R. sirensis, as with all dendrobatid frogs, loses its poison in captivity. The reason for the loss of its toxicity is thought to be the removal of a toxic insect or other invertebrate from the diet. Scientists have determined that members of the genus Phyllobates derive their dangerously potent toxins from local melyrid beetles. As R. sirensis is much less toxic than the Phyllobates species, the source of its toxin is not thought to be melyrid beetles; instead, it is likely an invertebrate that remains undiscovered.

==Habitat==
This diurnal frog lives in secondary rainforests, where it has been observed between 200 and 1560 meters above sea level. This frog has also been found on some plantations that grow less intensive crops, such as coffee, but it does not live on farms with densely planted monocultures.

==Life cycle==
Only the male frog takes care of the young. After the eggs hatch, the male frog carries the tadpoles to different pools of water inside bamboo plants or other plants.
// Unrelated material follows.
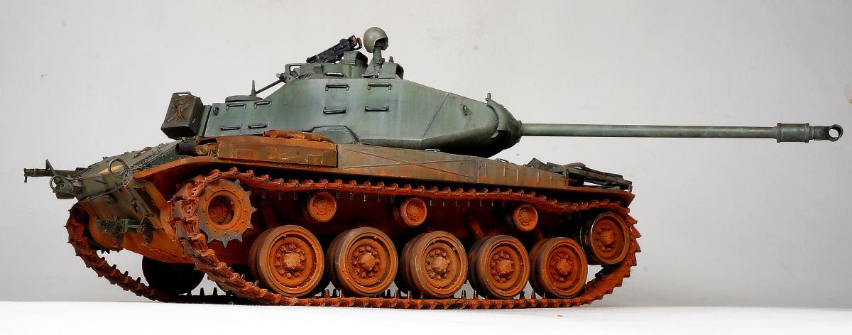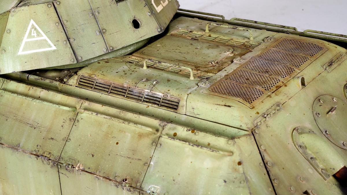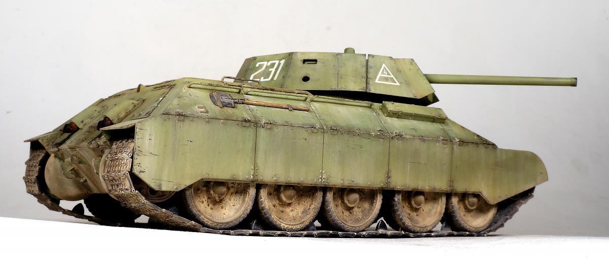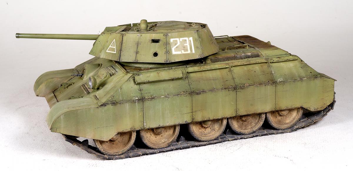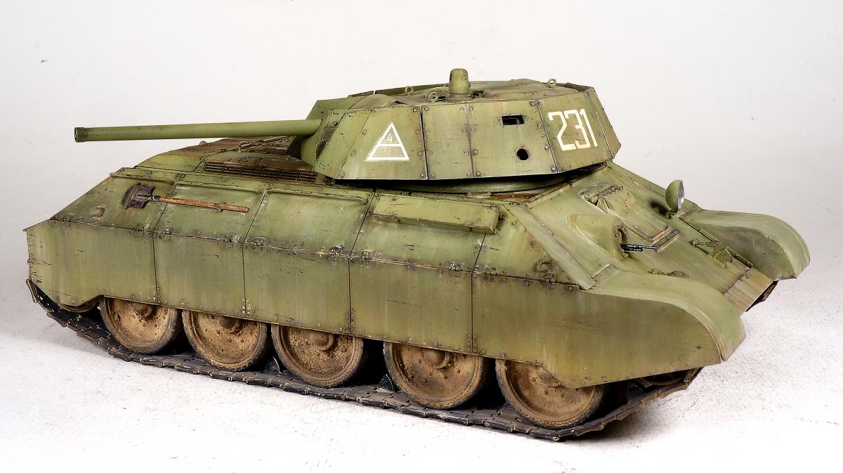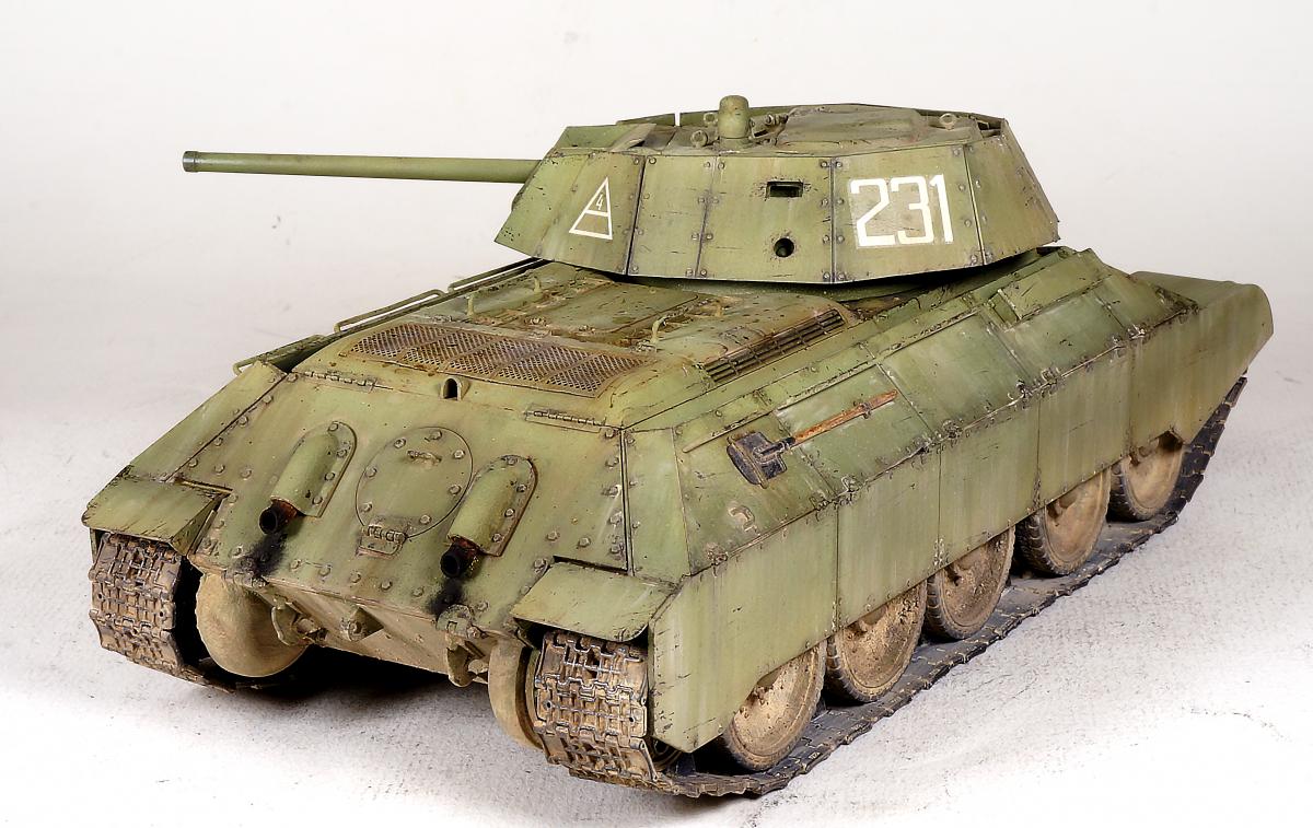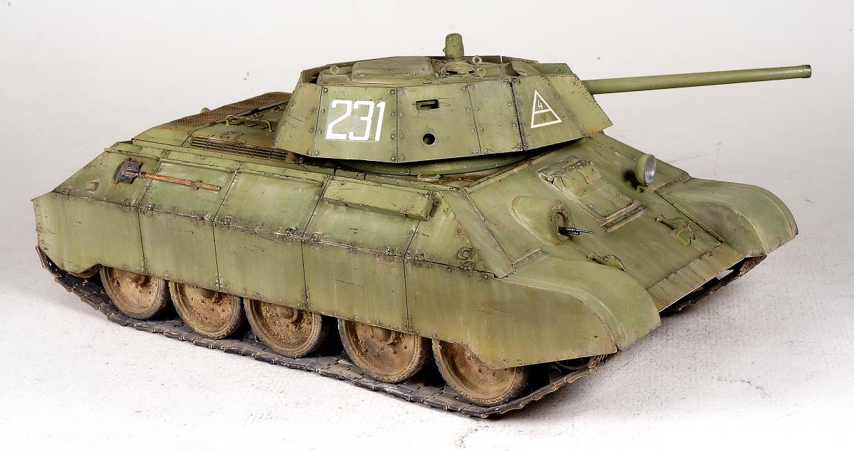 Добрый день!Корпус модели - Tamiya, башня - Звезда.Заменил башню на Звезду, т.к. башня у Tamiya была бракована. Сборка из коробки с некоторыми дополнениями: 1. Стволы пулеметов - RB-model. 2. Трос - Eureka. 3. Поручни - проволока. 4. Траки - Звезда. 5. Катки - Звезда. 6. Башня - Звезда. 7. Ствол орудия - Model gun. 8. Сетки МТО - Aber. 9. Сварные швы. 10. Приварки для крепления крыльев. 11. Немного фототравления. Окраска акрилом Tamiya.

The tadpoles eat what they find there, such as mosquito larva.

==Conservation==
The IUCN classifies this frog as least concern of extinction because of its large range. What threat it faces comes from capture for the international pet trade, which can render the species or some of its colormorphs locally endangered. Scientists recommend area-specific measures against their capture for this reason. This frog also faces some threat from habitat loss associated with deforestation in favor of agriculture.

The frog's range includes protected parks such as Yanachaga Chemillén National Park, Reserva Comunal El Sira, Manu National Park, Bahuaja-Sonene National Park and Tambopata National Reserve.